At least one expert believes the lawsuits are designed to keep the pipeline issue in front of the politicians in the lead-up to the 2016 American election.

“I think what TransCanada is really doing here ultimately is making a political signal that this fight is not over and that the US presidential election matters on this,” said Bill Snapes, legal counsel for the Centre for Biological Diversity in Tucson, Arizona and a fellow at the American University Law School.

“That’s what I see going on here, but legally, I don’t see much.”

Snape called both cases weak. “I conclude by reading them that TransCanada is more interested in press opportunities here than they are in changing or influencing underlying law.

“I think both cases are not merit-worthy.”

However, Snapes believes the pipeline decision could be overturned if the Republicans gain power in the next election. He says that would likely send pipeline opponents back to the streets and into the courts.

Bill Snapes, lead counsel for the Centre for Biological Diversity. Photo courtesy of Bill Snapes

It wouldn’t be the first time.

In 2011, author and activist Bill McKibben helped organize a two-week civil disobedience campaign outside the White House to protest what he called “the fuse to the largest carbon bomb on the continent."

The protest was the largest civil disobedience protest of its kind since the 1960s. It resulted in the arrests of over 1,000 people, including prominent Canadian author Naomi Klein.

McKibben responded to the news of the lawsuits Wednesday night with the following statement: “This isn’t going to get the pipeline built, and it is going to remind Americans how many of our rights these agreements give away.

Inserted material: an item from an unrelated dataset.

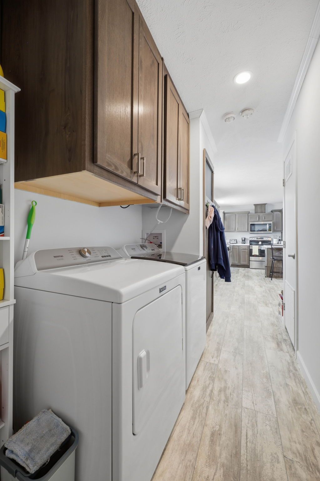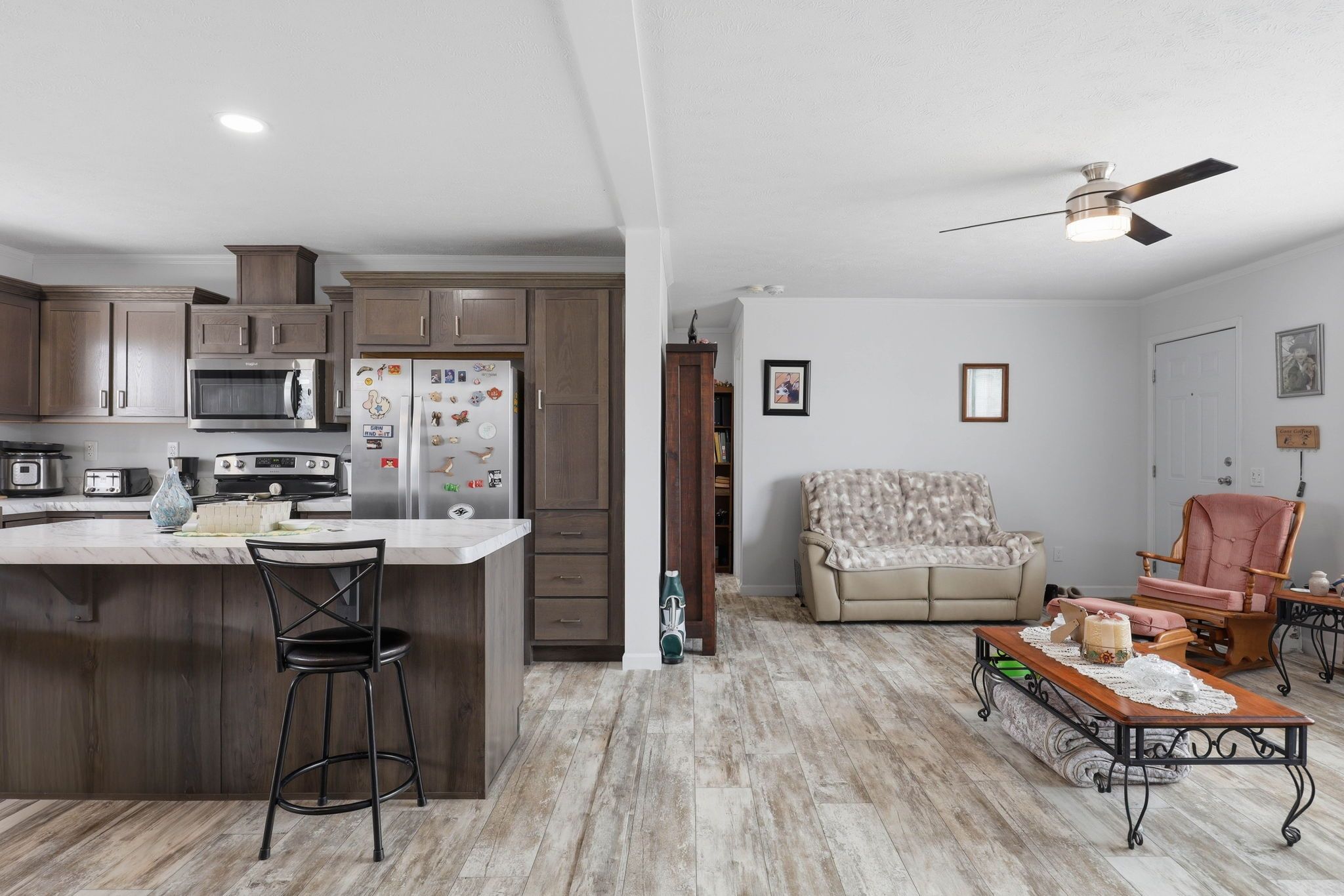 • Large eat-in kitchen with island and ample storage space.

“The idea that some trade agreement should force us to overheat the planet’s atmosphere is, quite simply, insane," he said. "But the oil industry is so used to always winning that I fear this kind of tantrum is predictable.”

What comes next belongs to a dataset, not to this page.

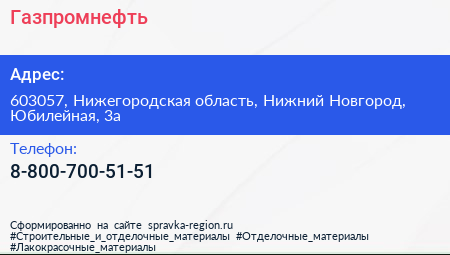 Газпромнефть по адресу 603057, Нижегородская область, Нижний Новгород, Юбилейная, 3а в дальнейшем Организация, размещена в следующих категориях: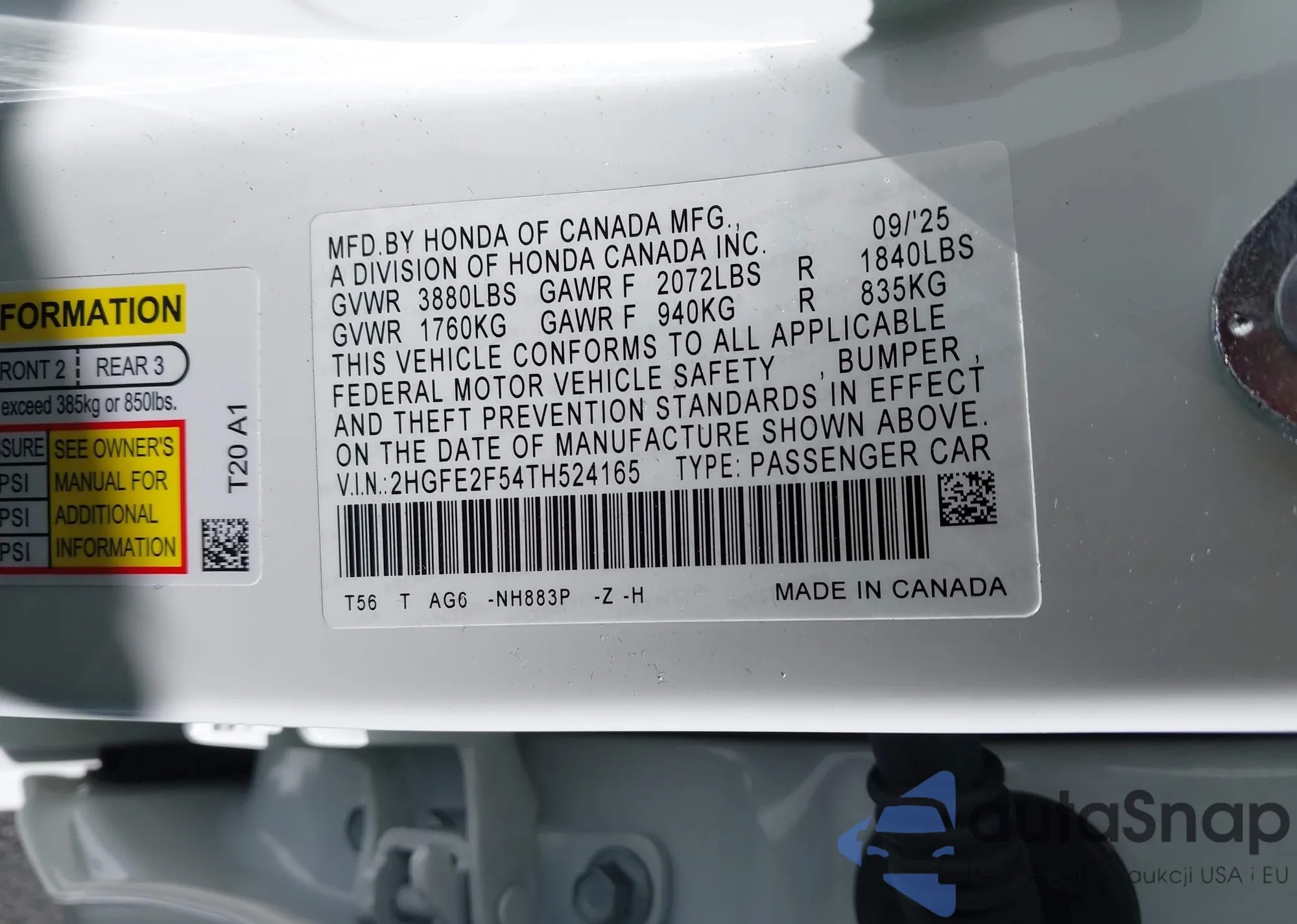 VIN: 2HGFE2F54TH524165

A 'litmus test' to prove environmental credentials

While TransCanada isn’t pursuing legal action against environmentalists, it clearly blames them for the rejection of the project.

In its Chapter 11 NAFTA filing, the company argues high up in the document that “Environmental activists, however, turned opposition to the Keystone XL Pipeline into a litmus test for politicians — including U.S. President Barack Obama — to prove their environmental credentials. The activists’ strategy succeeded.”

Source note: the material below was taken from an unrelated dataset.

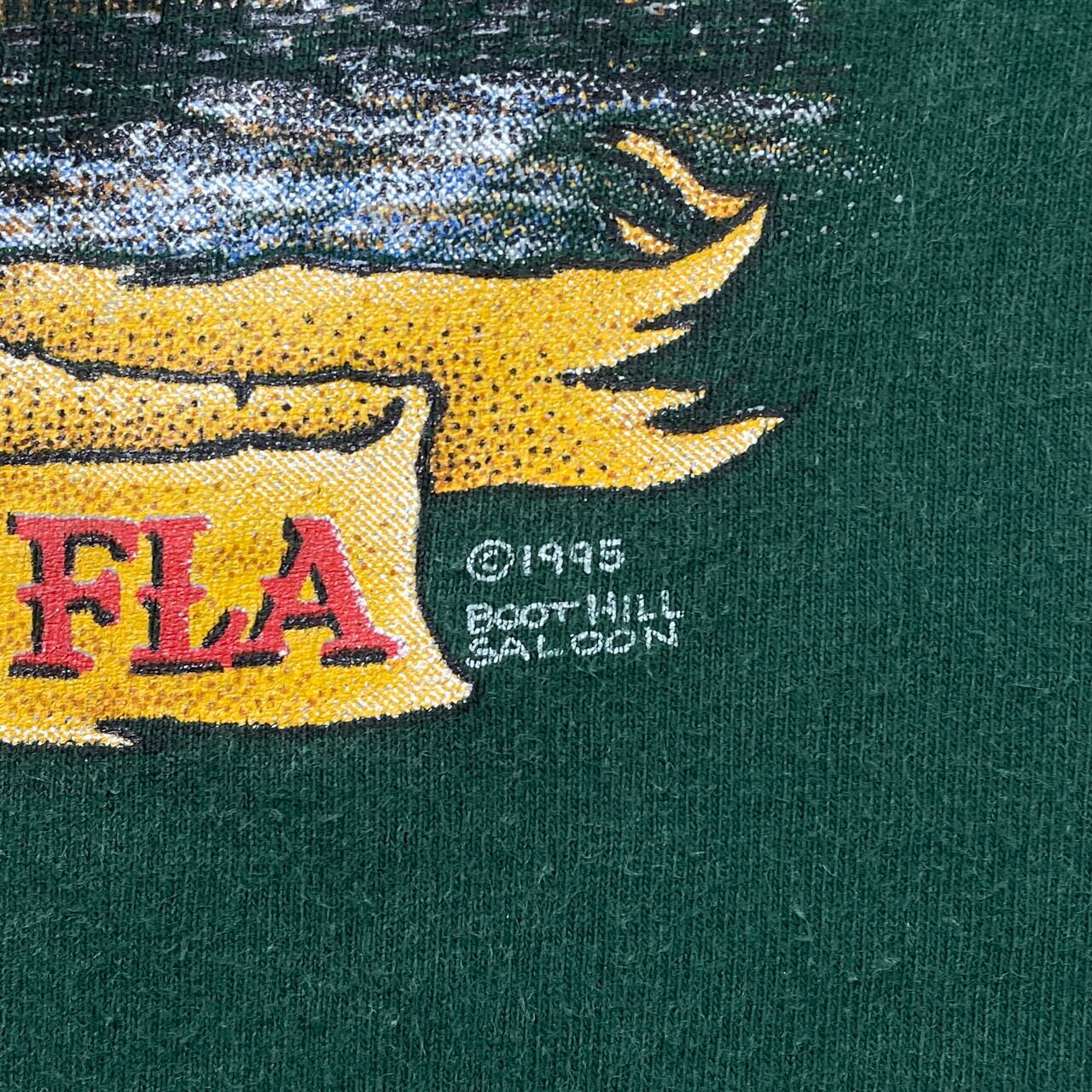 90年代 USA製 BOOT HILL SALOON デイトナビーチ デザインプリント ポケットTシャツ ポケT メンズXL 古着 90s サンダー柄 バイク シングルステッチ 緑 ディープグリーン【Tシャツ】/グリーン【SA2501-30】

But environmentalists remained unrepentant over the pipeline rejection. Anthony Swift, director of the Canada Project for the Natural Resources Defence Council, said the lawsuit won’t win the company much favour in the U.S.

“Win or lose, this suit is going to cost the American tax-payers. What we’re seeing here is a pipeline company threatening American families with about a $130 bill apiece because an ill-conceived project didn’t work out for it.”

And Lena Moffitt, director of the Beyond Dirty Fuel campaign for the U.S. Sierra Club, called the suit a desperate attempt by TransCanada and political grandstanding.

“We think the Keystone XL project is dead and nothing about the legal maneuvering that TransCanada initiated last night is going to change that. We certainly hope that future administrations won’t change that either,” she said.

One thing is certain. The cases are likely to take a long time to wend their way through the courts.

Scott Miller, senior adviser and Scholl Chair in International Business at the Washington, D.C.-based Centre for Strategic and International Studies, said investment disputes average around three years and said the suits are at the beginning of a multiple-year process.

First proposed in 2008, the 36-inch pipeline would have carried approximately 830,000 barrels of oil a day from the oil depot town of Hardisty in south-eastern Alberta, through the American states of the Dakotas and Nebraska to refineries in the Midwest and Gulf Coast.

In the meantime, even if a Republican government should come to power in the next election and re-approve the permit, TransCanada is not guaranteeing it would cease its legal actions. The company said it would not speculate on that at this time.